CMYK mode (--cmyk) converts the rendered RGB output to CMYK using the system CMYK ICC profile (the same profile used for DeviceCMYK color management). The ICC profile is embedded in the TIFF for downstream color management. If no CMYK profile is found, output falls back to RGB with a warning. Use --cmyk-profile to specify a custom profile.

Note: Most Linux image viewers (Evince, Okular, Gwenview) do not properly color-manage CMYK TIFFs. Use GIMP for accurate CMYK viewing on Linux.

Qt Display (-d qt)

Opens an interactive display window. This is the default device when Qt is available.

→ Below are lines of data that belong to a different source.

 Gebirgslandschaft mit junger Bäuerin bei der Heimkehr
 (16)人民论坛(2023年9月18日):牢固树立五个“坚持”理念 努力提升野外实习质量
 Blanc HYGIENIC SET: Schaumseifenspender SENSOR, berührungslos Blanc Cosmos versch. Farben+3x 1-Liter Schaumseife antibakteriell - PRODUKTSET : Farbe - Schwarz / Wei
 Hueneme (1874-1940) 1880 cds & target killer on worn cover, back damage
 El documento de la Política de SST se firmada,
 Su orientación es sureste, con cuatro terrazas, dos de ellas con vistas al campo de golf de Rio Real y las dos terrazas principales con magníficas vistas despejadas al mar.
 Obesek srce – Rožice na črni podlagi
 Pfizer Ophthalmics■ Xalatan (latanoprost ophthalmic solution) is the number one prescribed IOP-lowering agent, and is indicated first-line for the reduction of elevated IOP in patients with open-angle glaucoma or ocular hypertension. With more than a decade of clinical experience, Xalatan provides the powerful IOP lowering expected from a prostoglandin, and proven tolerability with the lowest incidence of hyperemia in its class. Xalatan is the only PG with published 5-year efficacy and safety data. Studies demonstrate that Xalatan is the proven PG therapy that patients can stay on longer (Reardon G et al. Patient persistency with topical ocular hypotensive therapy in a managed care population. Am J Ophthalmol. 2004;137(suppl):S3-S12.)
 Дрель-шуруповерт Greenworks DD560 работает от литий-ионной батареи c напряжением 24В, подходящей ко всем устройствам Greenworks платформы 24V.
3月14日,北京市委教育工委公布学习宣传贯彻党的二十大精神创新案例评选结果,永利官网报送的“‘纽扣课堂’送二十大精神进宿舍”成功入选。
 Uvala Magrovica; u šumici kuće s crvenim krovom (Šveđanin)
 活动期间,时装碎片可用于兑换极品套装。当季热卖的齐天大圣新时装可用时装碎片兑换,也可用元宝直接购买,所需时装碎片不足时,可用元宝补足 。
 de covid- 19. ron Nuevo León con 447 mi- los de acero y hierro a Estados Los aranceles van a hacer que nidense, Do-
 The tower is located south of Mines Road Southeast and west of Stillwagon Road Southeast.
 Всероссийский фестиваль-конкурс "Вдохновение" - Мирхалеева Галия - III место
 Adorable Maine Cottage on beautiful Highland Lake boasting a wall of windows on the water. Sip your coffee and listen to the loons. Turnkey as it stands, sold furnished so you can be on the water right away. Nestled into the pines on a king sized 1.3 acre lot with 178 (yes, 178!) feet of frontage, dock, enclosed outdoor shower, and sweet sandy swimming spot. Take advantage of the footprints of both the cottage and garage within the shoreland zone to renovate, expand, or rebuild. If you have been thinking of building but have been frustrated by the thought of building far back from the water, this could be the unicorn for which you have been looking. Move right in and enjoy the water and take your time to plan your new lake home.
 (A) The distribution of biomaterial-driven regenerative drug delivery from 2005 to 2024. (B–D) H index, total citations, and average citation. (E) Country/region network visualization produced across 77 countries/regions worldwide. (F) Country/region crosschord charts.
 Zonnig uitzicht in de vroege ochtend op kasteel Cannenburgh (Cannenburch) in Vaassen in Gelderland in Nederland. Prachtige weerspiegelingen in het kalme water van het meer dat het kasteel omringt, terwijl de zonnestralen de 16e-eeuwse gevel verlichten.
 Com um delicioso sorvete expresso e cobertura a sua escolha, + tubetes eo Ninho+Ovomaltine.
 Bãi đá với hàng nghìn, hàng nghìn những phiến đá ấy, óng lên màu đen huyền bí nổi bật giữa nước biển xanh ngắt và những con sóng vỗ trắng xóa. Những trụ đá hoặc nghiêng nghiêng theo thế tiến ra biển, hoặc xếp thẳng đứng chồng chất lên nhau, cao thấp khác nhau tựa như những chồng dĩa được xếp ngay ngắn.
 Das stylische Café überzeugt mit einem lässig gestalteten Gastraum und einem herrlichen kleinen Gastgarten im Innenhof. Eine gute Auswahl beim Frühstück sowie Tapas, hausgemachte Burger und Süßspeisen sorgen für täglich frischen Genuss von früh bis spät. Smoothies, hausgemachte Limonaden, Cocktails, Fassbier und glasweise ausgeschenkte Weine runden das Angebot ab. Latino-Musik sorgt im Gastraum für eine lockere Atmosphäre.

  • In interactive mode, the window updates live as PostScript commands are entered.
  • In batch mode (with an input file), the window updates on each showpage.
pf document.ps                           # Opens Qt window

See Using the Qt Display Window below for controls and keybindings.

Output File Naming

File-based devices (PNG, PDF, SVG, TIFF) save output to a pf_output directory in the current working directory. The directory is created automatically if it does not exist. Use --output-dir to specify a different location.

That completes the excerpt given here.